Task objective: Below is a listing. Set down exactly the lines from the one containing "In John 16, Jesus" through the one containing "Con una certificación", both ends included, and leave out the rest.

Segment Start: Raw data

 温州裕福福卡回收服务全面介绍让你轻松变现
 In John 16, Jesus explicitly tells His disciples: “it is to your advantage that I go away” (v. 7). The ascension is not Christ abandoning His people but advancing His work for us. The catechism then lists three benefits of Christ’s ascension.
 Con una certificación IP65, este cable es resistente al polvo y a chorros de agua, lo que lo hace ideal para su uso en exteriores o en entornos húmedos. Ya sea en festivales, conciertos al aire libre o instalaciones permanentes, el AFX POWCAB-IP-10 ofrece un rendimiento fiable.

Segment End: Raw data
Segment Start: Raw data

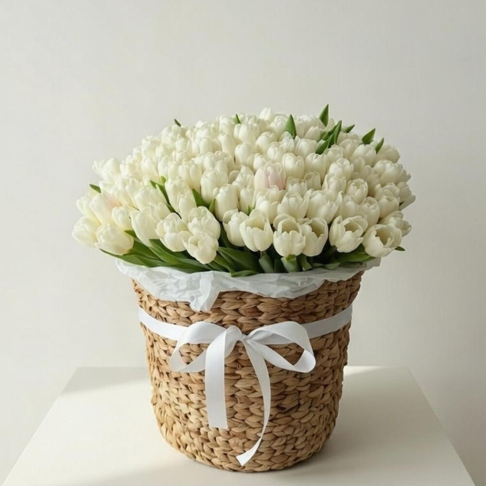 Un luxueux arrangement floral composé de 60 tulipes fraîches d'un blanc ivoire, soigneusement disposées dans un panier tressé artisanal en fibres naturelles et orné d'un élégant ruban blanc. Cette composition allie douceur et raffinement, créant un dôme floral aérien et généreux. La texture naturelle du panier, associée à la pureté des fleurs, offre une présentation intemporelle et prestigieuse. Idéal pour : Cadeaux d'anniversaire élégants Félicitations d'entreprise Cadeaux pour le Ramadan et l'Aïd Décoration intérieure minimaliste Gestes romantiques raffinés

Segment End: Raw data

Response to the exercise:
 In John 16, Jesus explicitly tells His disciples: “it is to your advantage that I go away” (v. 7). The ascension is not Christ abandoning His people but advancing His work for us. The catechism then lists three benefits of Christ’s ascension.
 Con una certificación IP65, este cable es resistente al polvo y a chorros de agua, lo que lo hace ideal para su uso en exteriores o en entornos húmedos. Ya sea en festivales, conciertos al aire libre o instalaciones permanentes, el AFX POWCAB-IP-10 ofrece un rendimiento fiable.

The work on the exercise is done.